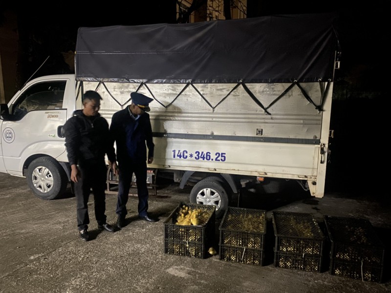 Cụ thể, chiều tối ngày 23/11, trong quá trình tuần tra kiểm soát, tại khu vực thôn Cầu Sắt (xã Vô Ngại, huyện Bình Liêu), Đội Quản lý thị trường số 8 đã phát hiện xe ô tô tải BKS 14C-346.25 vận chuyển 1.800 con vịt giống khoảng 5 ngày tuổi, số vịt trên có tình trạng yếu, trong đó có nhiều con đã chết.
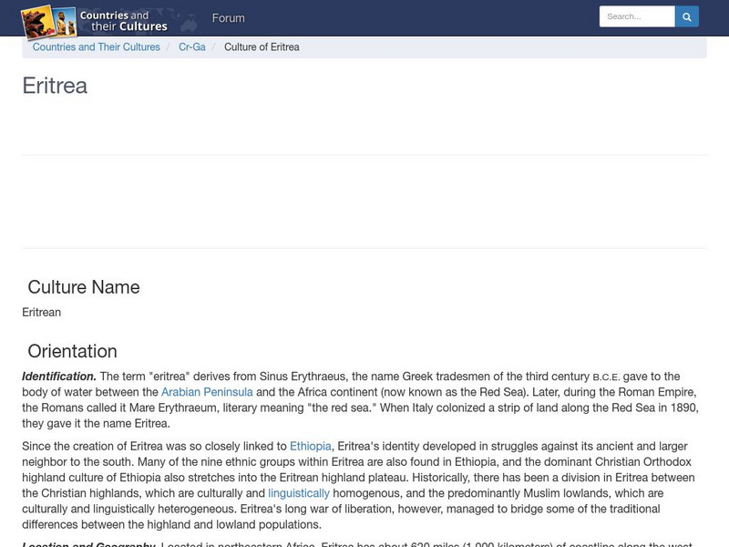 Provides an overview of the culture of Eritrea. Gives basic information on topics such as geography, ethnic makeup, languages, symbolism, economy, food, customs, social stratification, family life, education, religion, politics, etc....
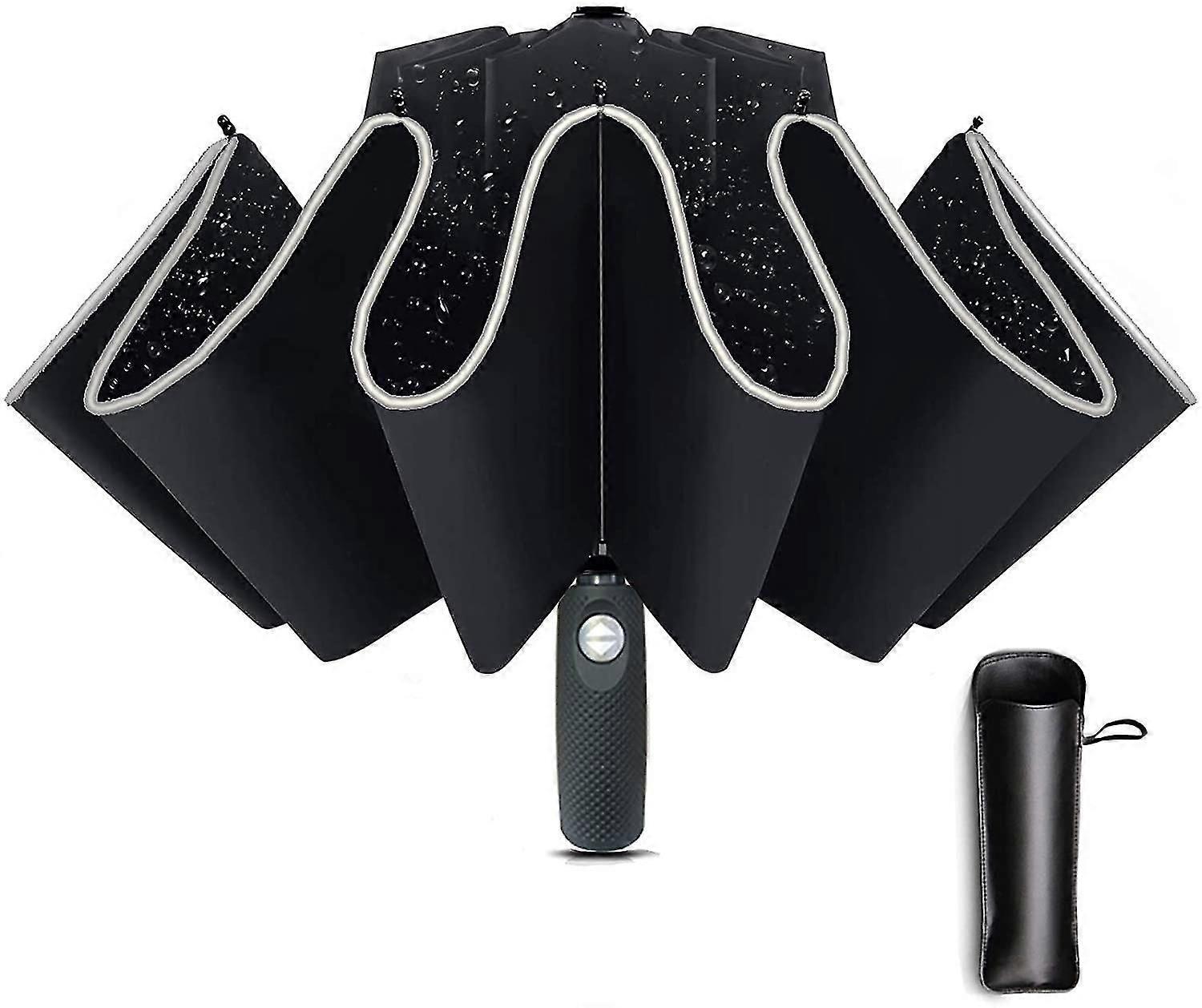 12 Ribs Inverted Umbrella Windproof Travel Umbrella Reverse Folding Umbrella With Reflection

Your goal: Leave out the pictures and retype every line above exactly.

Expected answer:
 Cụ thể, chiều tối ngày 23/11, trong quá trình tuần tra kiểm soát, tại khu vực thôn Cầu Sắt (xã Vô Ngại, huyện Bình Liêu), Đội Quản lý thị trường số 8 đã phát hiện xe ô tô tải BKS 14C-346.25 vận chuyển 1.800 con vịt giống khoảng 5 ngày tuổi, số vịt trên có tình trạng yếu, trong đó có nhiều con đã chết.
 Provides an overview of the culture of Eritrea. Gives basic information on topics such as geography, ethnic makeup, languages, symbolism, economy, food, customs, social stratification, family life, education, religion, politics, etc....
 12 Ribs Inverted Umbrella Windproof Travel Umbrella Reverse Folding Umbrella With Reflection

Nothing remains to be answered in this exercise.